Flamengo de Jesus equacionou pré-época no Benfica Campus e na Cidade do Futebol

Paulo Pelaipe, antigo dirigente do Flamengo, viu centros de treinos in loco

Paulo Pelaipe, antigo dirigente do Flamengo
Paulo Pelaipe, antigo dirigente do Flamengo
Paulo Pelaipe, antigo dirigente do Flamengo

Paulo Pelaipe trabalhou no Flamengo até 7 de janeiro e acompanhou as conquistas de Jorge Jesus no emblema brasileiro. O antigo dirigente, de 69 anos, explicou que estava a delinear uma possível pré-época em Portugal na altura em que foi demitido, por e-mail.

"Regressei ao Brasil após as férias, depois de ter ido a Portugal. Estive à conversa com o míster Jorge Jesus sobre a pré-temporada. Num primeiro momento, pensou-se que o Flamengo pudesse fazer 10 a 12 dias no Algarve. Tendo em conta o facto de a Confederação Brasileira de Futebol ter marcado a Supertaça para 16 de fevereiro acabaria por ficar muito em cima dessa data. Assim sendo, passaríamos a fazer a pré-temporada no Brasil, no Ninho do Urubu", começou por explicar à conversa num direto no Youtube com o jornalista Venê Casagrande, concretizando a ideia.
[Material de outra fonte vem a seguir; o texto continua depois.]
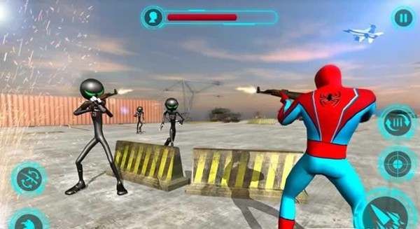 1、超级英雄蜘蛛人和火柴人将开始展开射击大对抗;
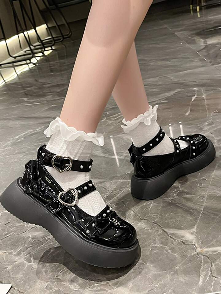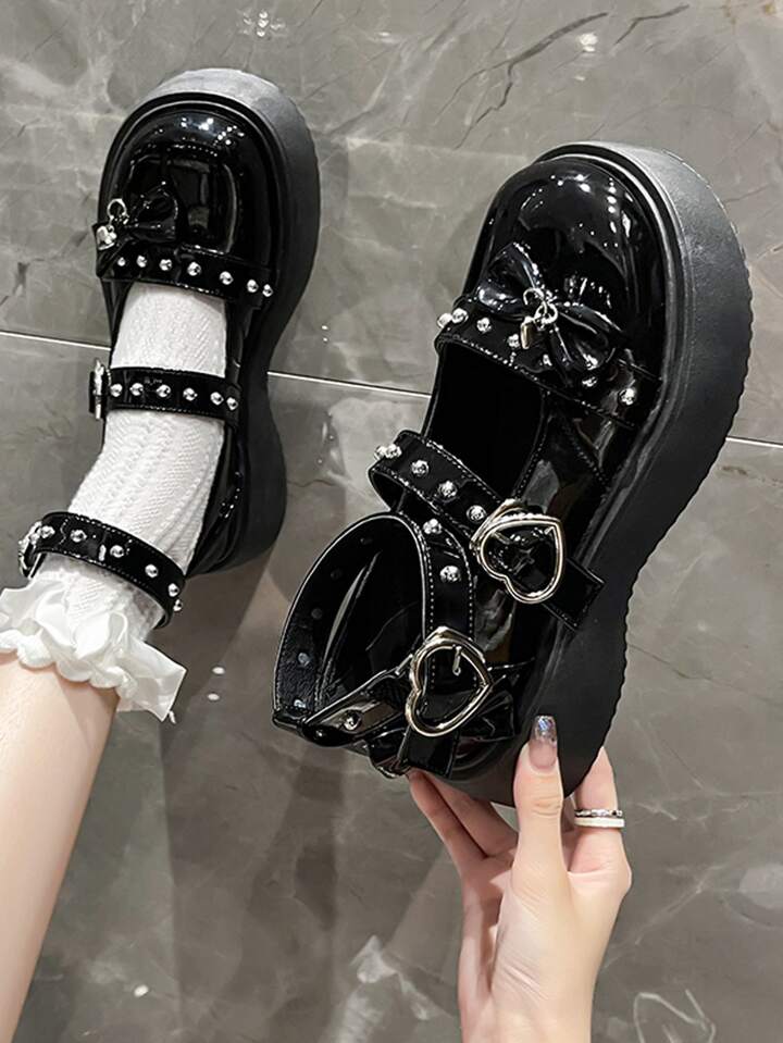 Bow & Studded Decor Flatform Mary Jane Shoes

"Depois de passar a quadra natalícia com a minha família, fui para Portugal a 1 de janeiro e conversei com o míster. Peguei num carro e fui ver o Algarve porque poderia ser lá a pré-temporada. Fui também conhecer o centro de estágio da seleção portuguesa e o centro de treinos do Benfica. Sabendo que a Supertaça iria ser naquela data, a possibilidade foi abortada. Os jogadores ficaram com data de regresso marcada para se apresentarem a 26 de janeiro", lembrou Pelaipe.

Chegada de Jorge Jesus

"O Jorge Baidek, o primeiro brasileiro a ser treinado pelo Jesus em Portugal, falava-me sempre muito do Jorge Jesus. Eu passei quatro meses em Portugal, em 2015. Em Lisboa, via os jogos e acompanhava as equipas. Houve uma coisa que me chamou muito à atenção. Houve um FC Porto-Benfica [em 2013] e o Benfica estava encaminhado para ganhar o título. No último minuto, um jogador brasileiro em vez executar o lançamento para a frente fê-lo para trás. A bola perdeu-se e um miúdo brasileiro [Kelvin] decide o jogo para o FC Porto. O Jesus caiu e ficou prostrado, um tempo considerável. Vi ali alguém comprometido, que sentiu. O treinador perde o jogo mas vai para o balneário. Depois, levantou-se e saiu cabisbaixo. O Baidek elogiava-o muito. Um dia, estava a ir para o Ninho do Urubu, recebi uma chamada do Baidek que me perguntava como estavam as coisas. Dizia que se o Flamengo pensasse mudar de treinador, o Jesus tinha deixado o mundo árabe e estava em Portugal. 'Se um dia levarem o Jesus para o Brasil vão apaixonar-se porque é alguém que trabalha da manhã à noite', disse. O Marcos Braz, vice-presidente de futebol do Flamengo, ouviu o que ele disse naquele dia. No dia em que o Flamengo perde com o At. Mineiro, eu vejo o Jorge Jesus a conversar com dirigentes da NRV e do Banco BMG. Tirei uma foto e mandei para o Marcos. O At. Mineiro estava a contratar o Jorge Jesus. Passado dois dias, a situação no Flamengo estava desconfortável. O Marcos estava na Alemanha e passados quatro dias percebeu quem tinha levado o Jorge Jesus para Belo Horizonte, que tinha sido o filho do Giuliano Bertolucci, o Lucca Bertolucci. O Marcos foi da Alemanha até Portugal, conversou com o presidente e convenceu-o. Fez a negociação com os representantes do Jorge Jesus. Fico feliz porque o Marcos Braz ouviu-me. O mérito todo da contratação é do Marcos e do presidente Landim."